▶ _Data provided_
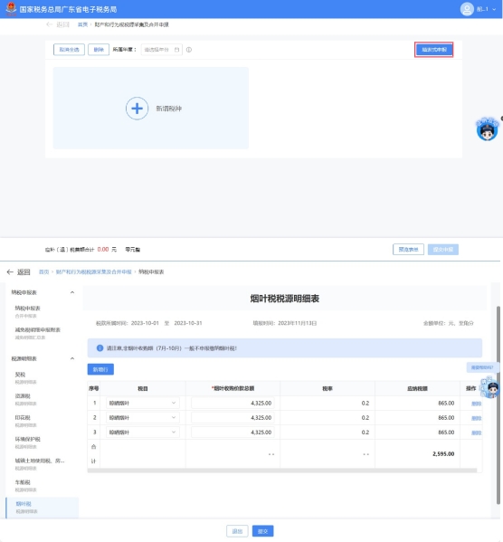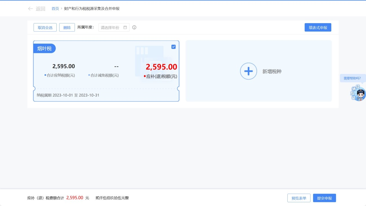 自动带出本期应申报的烟叶税卡片,可以自行勾选单个或多个税种进行申报,点击【提交申报】,申报成功。
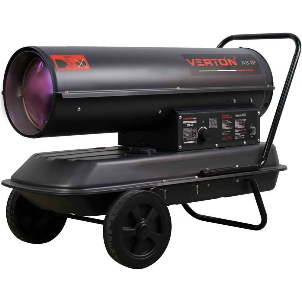 Дизельная пушка VERTON Air DH-50 48кВт, 980м3/ч., 3,2л/ч, 01.5985.6759 предназначена для обогрева нежилых помещений, гаражей, строительных площадок, значительных площадей складского и производственного назначения с хорошей вентиляцией, при размораживании тепловых магистралей и прогреве автомобиля в сильный мороз. Модель рассчитана на длительную непрерывную работу с высокой производительностью, надежностью и безопасностью использования.
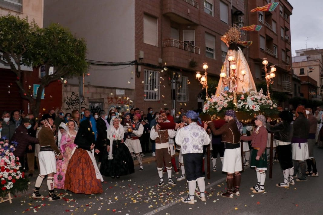 El recorrido empezó desde el barrio La Cochera, donde la comisión sacó a la imagen de la Virgen para acompañarla en procesión hasta llegar a la parroquia de la Asunción, volviendo a su hogar después de haber recibido el homenaje y la admiración del mundo fallero.
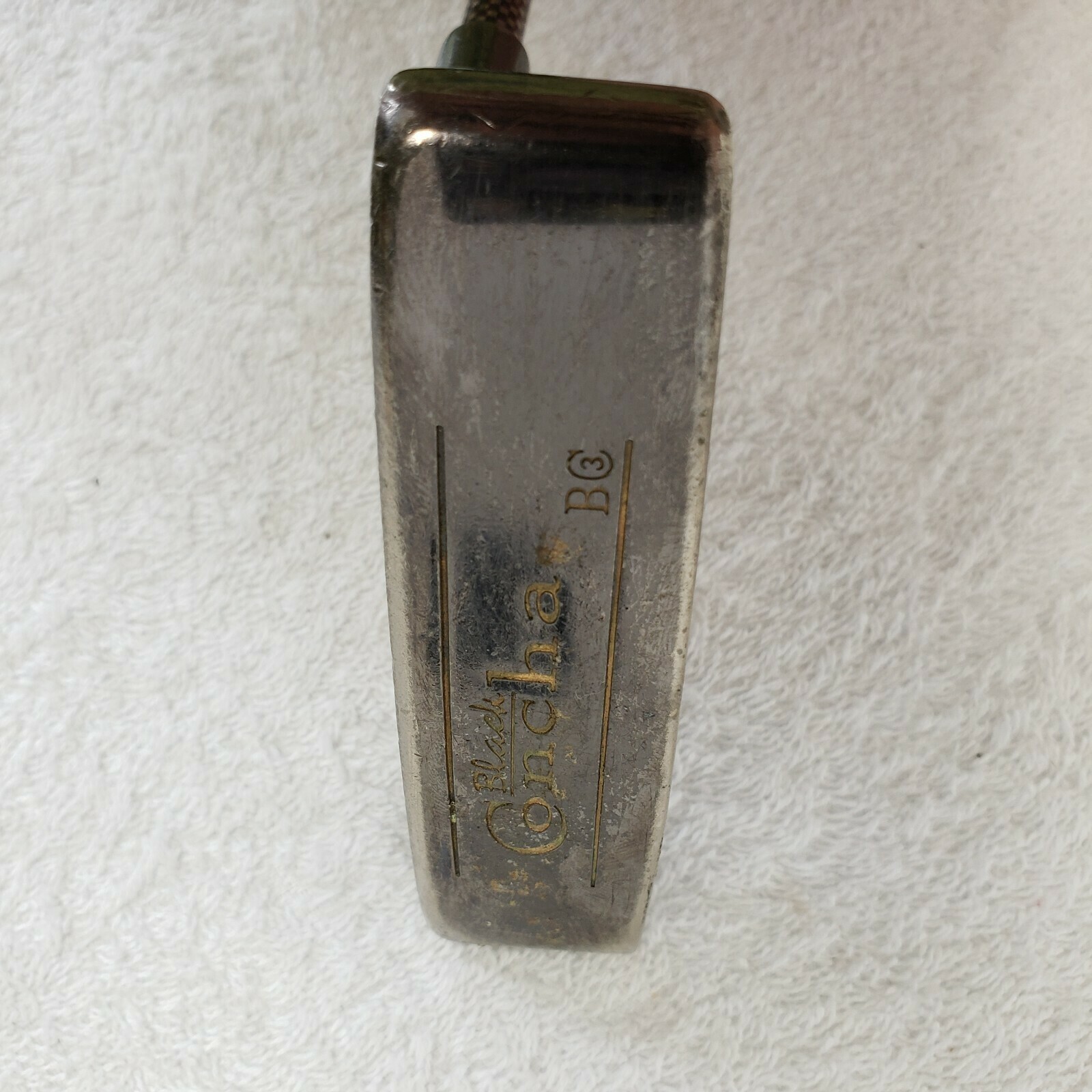 Black Concha BC3 Golf Putter Right Handed 35" Golf Club. The end of the grip has been shaved down to fit a ball suction on the end of the putter. - Images shows the actual putter that will ship.
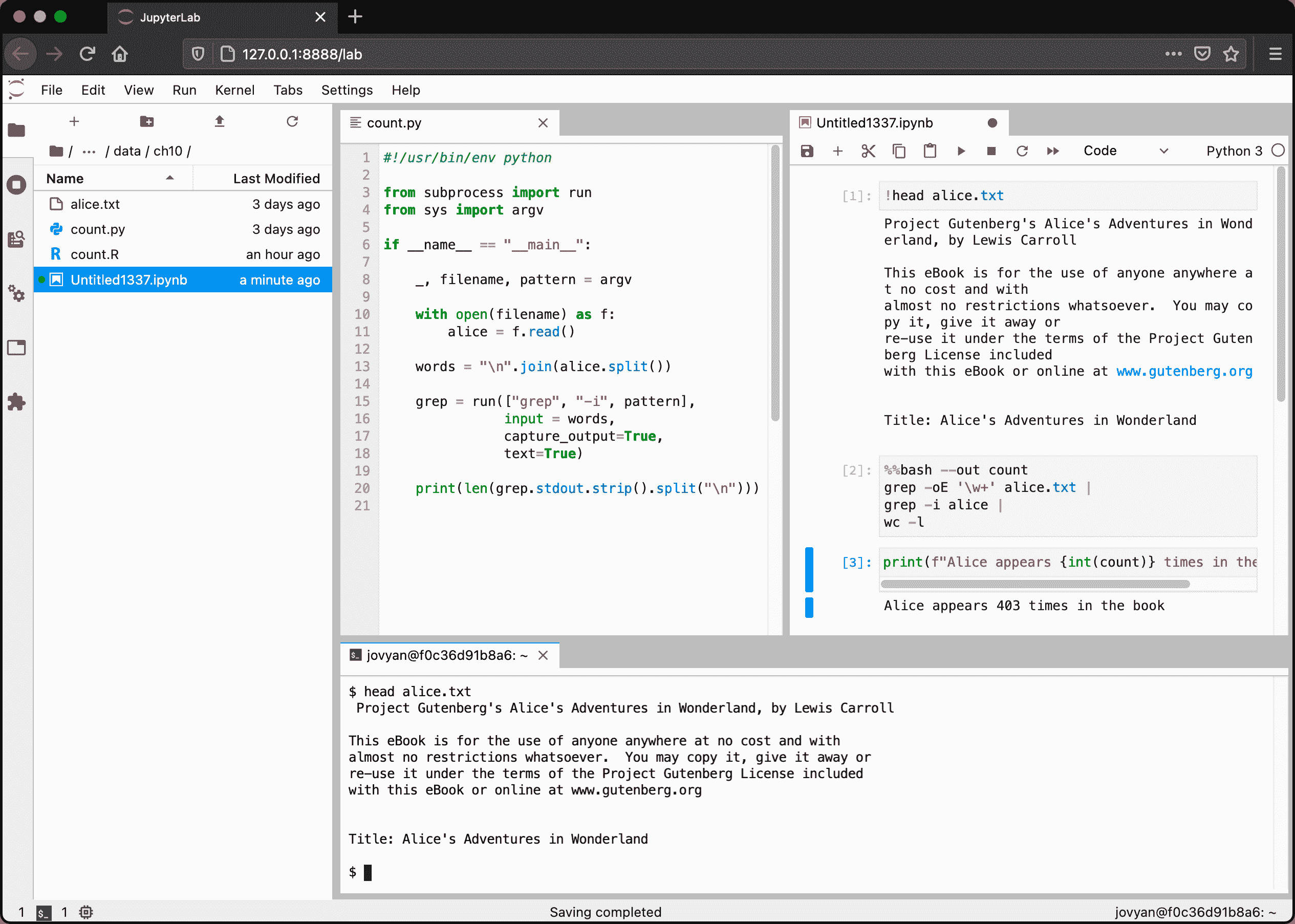 图 10.1 是 JupyterLab 的截图,显示了文件浏览器(左)、代码编辑器(中)、笔记本(右)、终端(下)。后三者都展示了利用命令行的方法。代码是我将在下一节讨论的内容。这个特殊的笔记本与我刚才讨论的控制台会话非常相似。终端为您运行命令行工具提供了一个完整的 Shell。请注意,这个终端、代码和笔记本之间不可能有交互。因此,这个终端与打开一个单独的终端应用没有什么不同,但是当您在 Docker 容器内或远程服务器上工作时,它仍然很有帮助。
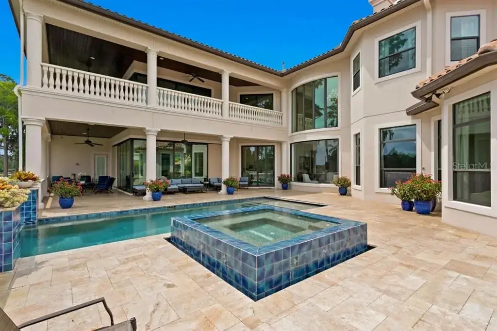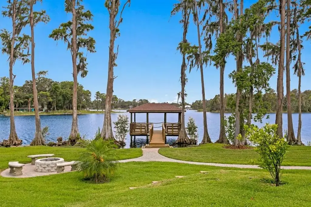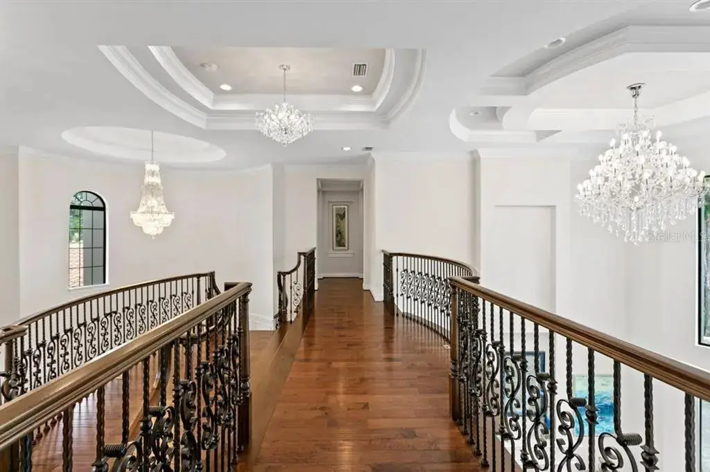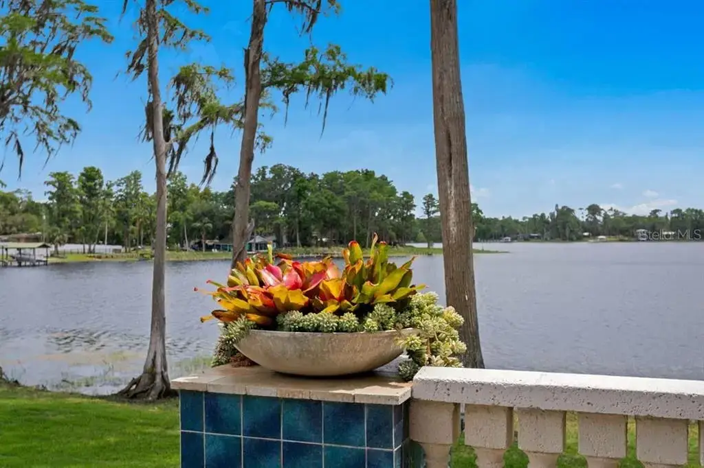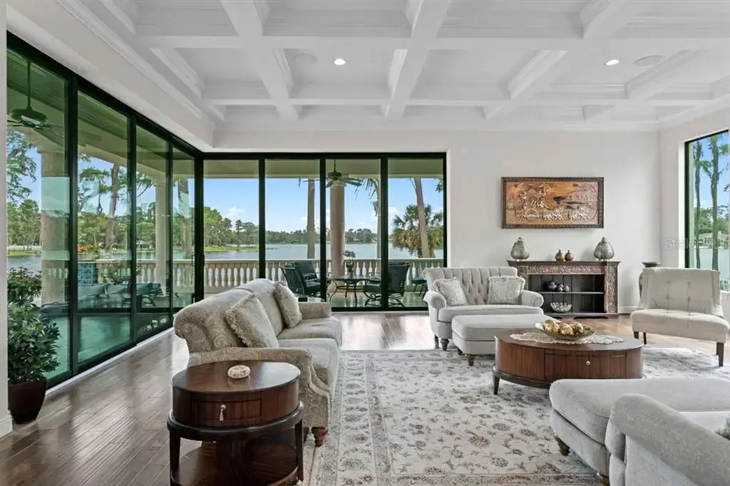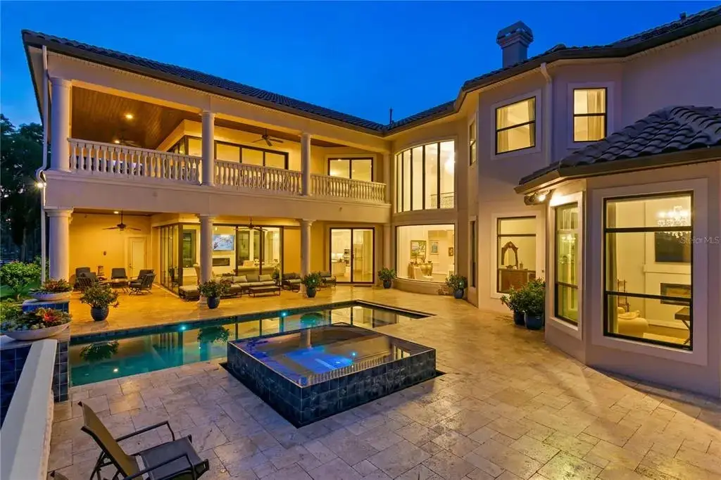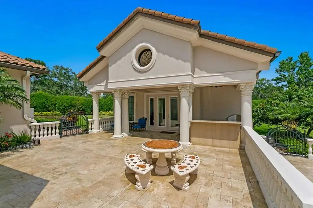 Gated lakefront estate offering space, privacy, and a stunning natural setting—17124 Crawley Road in Odessa is a rare opportunity to live expansively on nearly 6 acres along the tranquil shoreline of Rainbow Lake. With 300 feet of private lake frontage, this custom residence offers 10,545 square feet of living space. Built for both comfort and entertaining, the main house includes 5 bedrooms, 6 full baths, 2 half baths, entertainment space, gym, study, and 2 attached garages—one on each side of the home—designed for convenience and symmetry. Separate guest house features 1 bedroom and 1 full bath. The estate is finished with a pool, spa, and private dock—all with no HOA or CDD fees. Step through the grand double doors into a sweeping foyer with a dramatic double staircase. Straight ahead, the formal living room welcomes you with nearly 24-foot ceilings, gas fireplace, and open view to the pool and lake beyond. The spacious family room serves as a relaxed space with TV, electric fireplace, and sliding glass doors that lead seamlessly to the outdoor terrace. At the heart of the home, the kitchen is both stylish and functional—featuring a striking Cianitus granite island and Cambria Menai quartz on the perimeter, along with a gas range with 1.5 ovens, a separate wall oven, pot filler, microwave and refrigerator, and thoughtful storage. Nearby butler’s pantry with granite countertops and wine refrigerator connects the kitchen to the formal dining room, ideal for entertaining or daily living. Downstairs also includes a primary suite with a fireplace and sitting area, dual custom closets, and a spa-style bath with freestanding tub and oversized walk-in shower. 2 additional ensuite bedrooms are located on the main level. A dedicated study with soaring ceilings and separate gym complete the thoughtful main-level layout. Upstairs, 2 large suites offer the flexibility of dual primary bedrooms, each with its own full bath and walk-in closet. Just beyond, a large entertainment area includes a sunken game room, wet bar with refrigerator, and balcony with balustrades—perfect for entertaining or relaxing. Throughout the home, 8-foot doors, wood flooring, detailed crown and tray ceilings, and custom-finished walk-in closets in every bedroom enhance the design, while both upstairs and downstairs laundry rooms and electric vehicle charging station in the garage add everyday convenience. The separate guest cabana offers a refined yet relaxed extension of the home’s living space. Located just off the pool, it includes a built-in TV, crown and tray ceilings, and walk-in closet, along with full bath and bar with refrigerator. The grounds are the heart of this property. Designed by Ryan Hughes Design Build, the outdoor spaces are a blend of texture, scale, and serenity. Stacked stone retaining walls, lush gardens, fruit trees, and paver walkways surround a heated saltwater pool and spa, fire pit, covered terrace, full summer kitchen, and a separate outdoor full bath for added convenience. At the water’s edge, a private dock features electricity and nautical rope detailing, offering direct access to Rainbow Lake. Located in the heart of Odessa—where luxury homes, wide-open spaces, and natural beauty converge—this estate captures the essence of lakefront living with the convenience of being just minutes from Tampa, major roadways, and top-tier amenities. A rare opportunity to live expansively, privately, and beautifully.

▶ _Try it_
All pictures are to be skipped. Output, word for word, the lines in the data above starting at the line containing "El recorrido empezó" and ending at the line containing "图 10.1 是 JupyterLab".

▶ _Worked solution_
 El recorrido empezó desde el barrio La Cochera, donde la comisión sacó a la imagen de la Virgen para acompañarla en procesión hasta llegar a la parroquia de la Asunción, volviendo a su hogar después de haber recibido el homenaje y la admiración del mundo fallero.
 Black Concha BC3 Golf Putter Right Handed 35" Golf Club. The end of the grip has been shaved down to fit a ball suction on the end of the putter. - Images shows the actual putter that will ship.
 图 10.1 是 JupyterLab 的截图,显示了文件浏览器(左)、代码编辑器(中)、笔记本(右)、终端(下)。后三者都展示了利用命令行的方法。代码是我将在下一节讨论的内容。这个特殊的笔记本与我刚才讨论的控制台会话非常相似。终端为您运行命令行工具提供了一个完整的 Shell。请注意,这个终端、代码和笔记本之间不可能有交互。因此,这个终端与打开一个单独的终端应用没有什么不同,但是当您在 Docker 容器内或远程服务器上工作时,它仍然很有帮助。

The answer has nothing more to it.